» How to complete this task
Copy out the data that comes next, character for character, and leave the images aside.

(Beginning of Data provided)

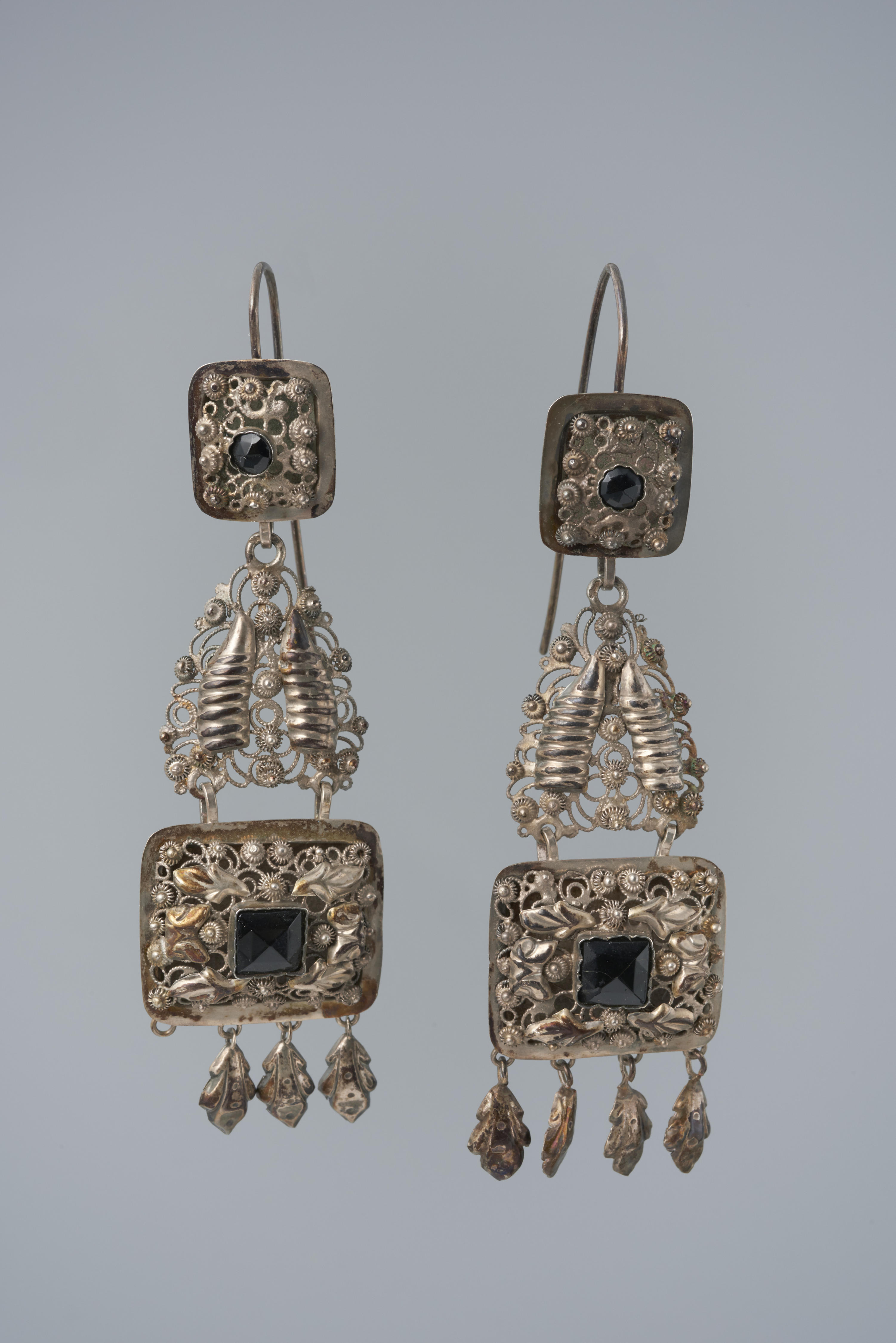 Paar zilveren 'steenbellen' uit omstreeks 1870. De bellen zijn gedragen door een vrouw uit Cadzand bij de rouwdracht. Ze worden in een lusje in de ondermuts gehaakt en hangen langs de wangen in de voorstrook van de muts. De vervaardiger is onbekend. Zilveren steenbellen voor de rouw zijn zeldzamer dan de reguliere gouden steenbellen.
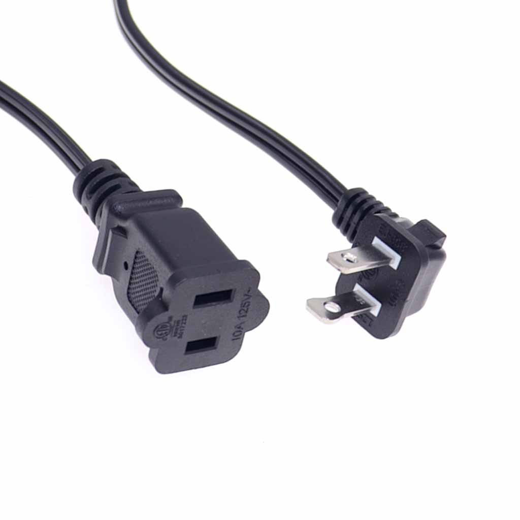 Right Angled Polarized US 2-Prong Male to Female Extension Cord, Nema 1-15P to 1-15R Power Outlet Extension Cable 18AWG 0.5m/3m
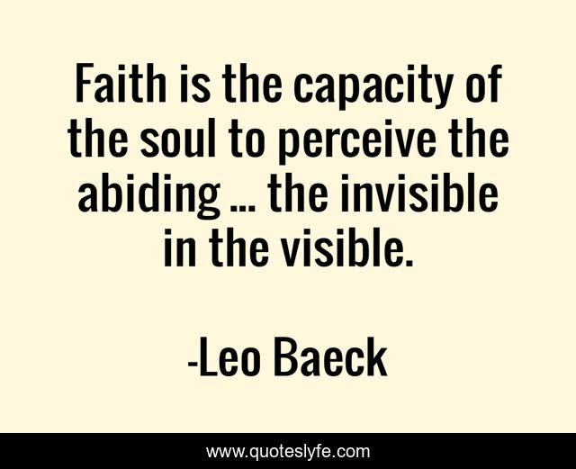 This page presents the quote "Faith is the capacity of the soul to perceive the abiding ... the invisible in the visible.". Author of this quote is Leo Baeck. This quote is about faith, belief,.
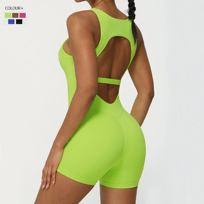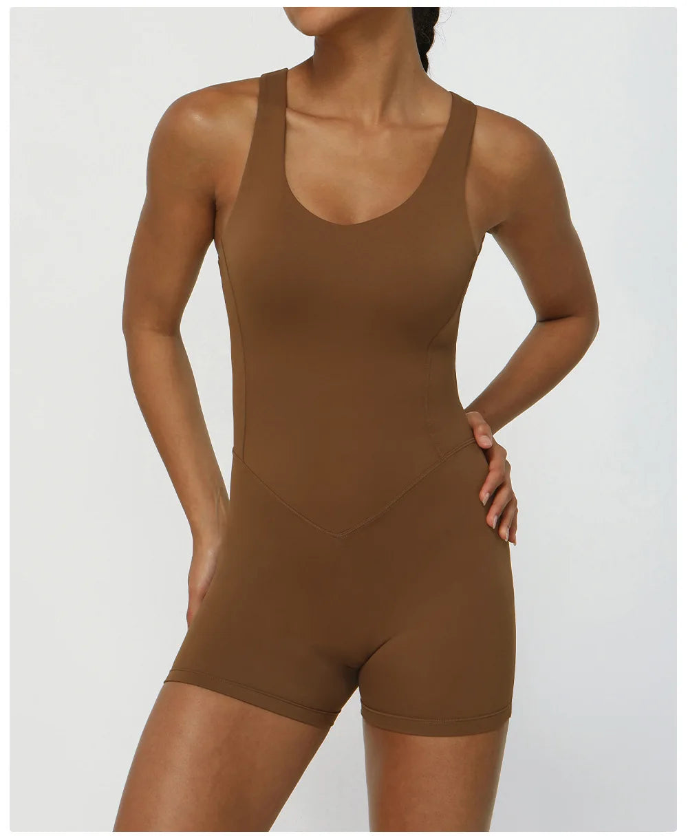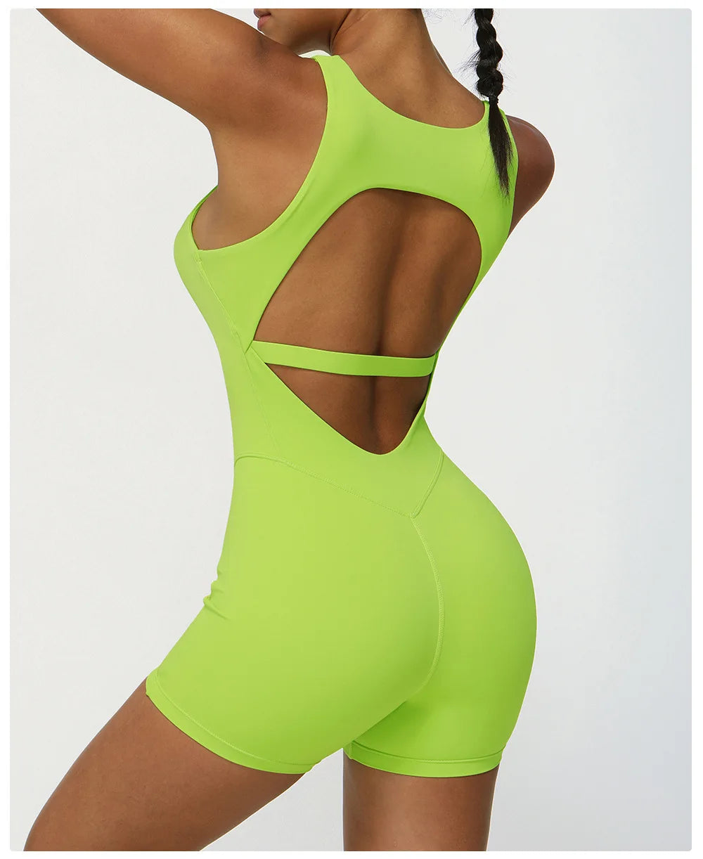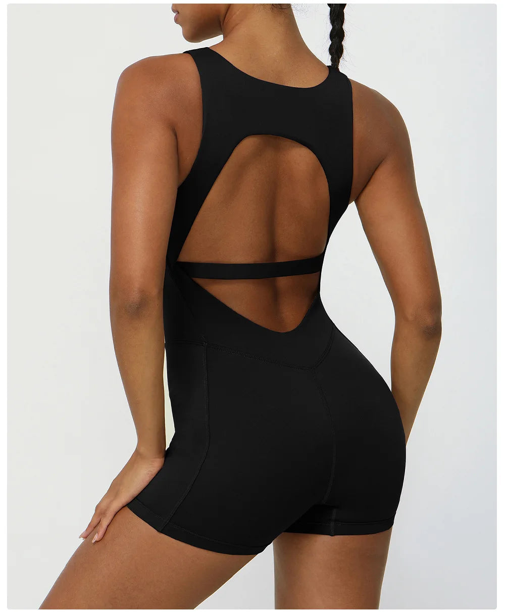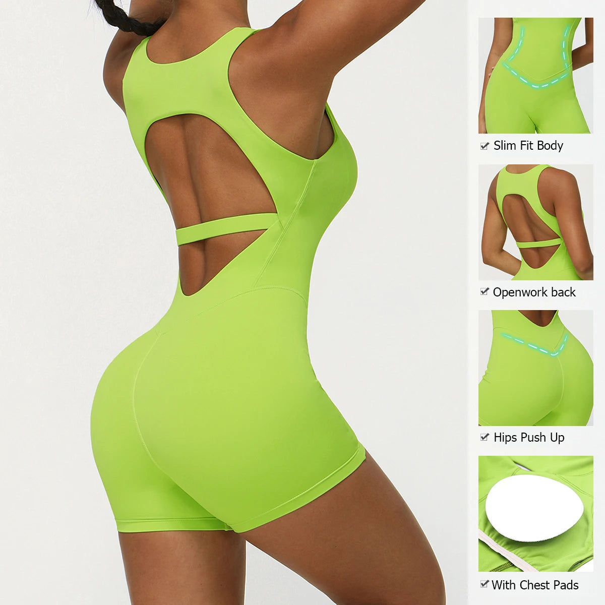 Women's One Piece Fitness Set - Gym, Yoga, Running Jumpsuit Breathable Quick Dry Short Sportswear Workout Set

(End of Data provided)

» Exercise result
 Paar zilveren 'steenbellen' uit omstreeks 1870. De bellen zijn gedragen door een vrouw uit Cadzand bij de rouwdracht. Ze worden in een lusje in de ondermuts gehaakt en hangen langs de wangen in de voorstrook van de muts. De vervaardiger is onbekend. Zilveren steenbellen voor de rouw zijn zeldzamer dan de reguliere gouden steenbellen.
 Right Angled Polarized US 2-Prong Male to Female Extension Cord, Nema 1-15P to 1-15R Power Outlet Extension Cable 18AWG 0.5m/3m
 This page presents the quote "Faith is the capacity of the soul to perceive the abiding ... the invisible in the visible.". Author of this quote is Leo Baeck. This quote is about faith, belief,.
 Women's One Piece Fitness Set - Gym, Yoga, Running Jumpsuit Breathable Quick Dry Short Sportswear Workout Set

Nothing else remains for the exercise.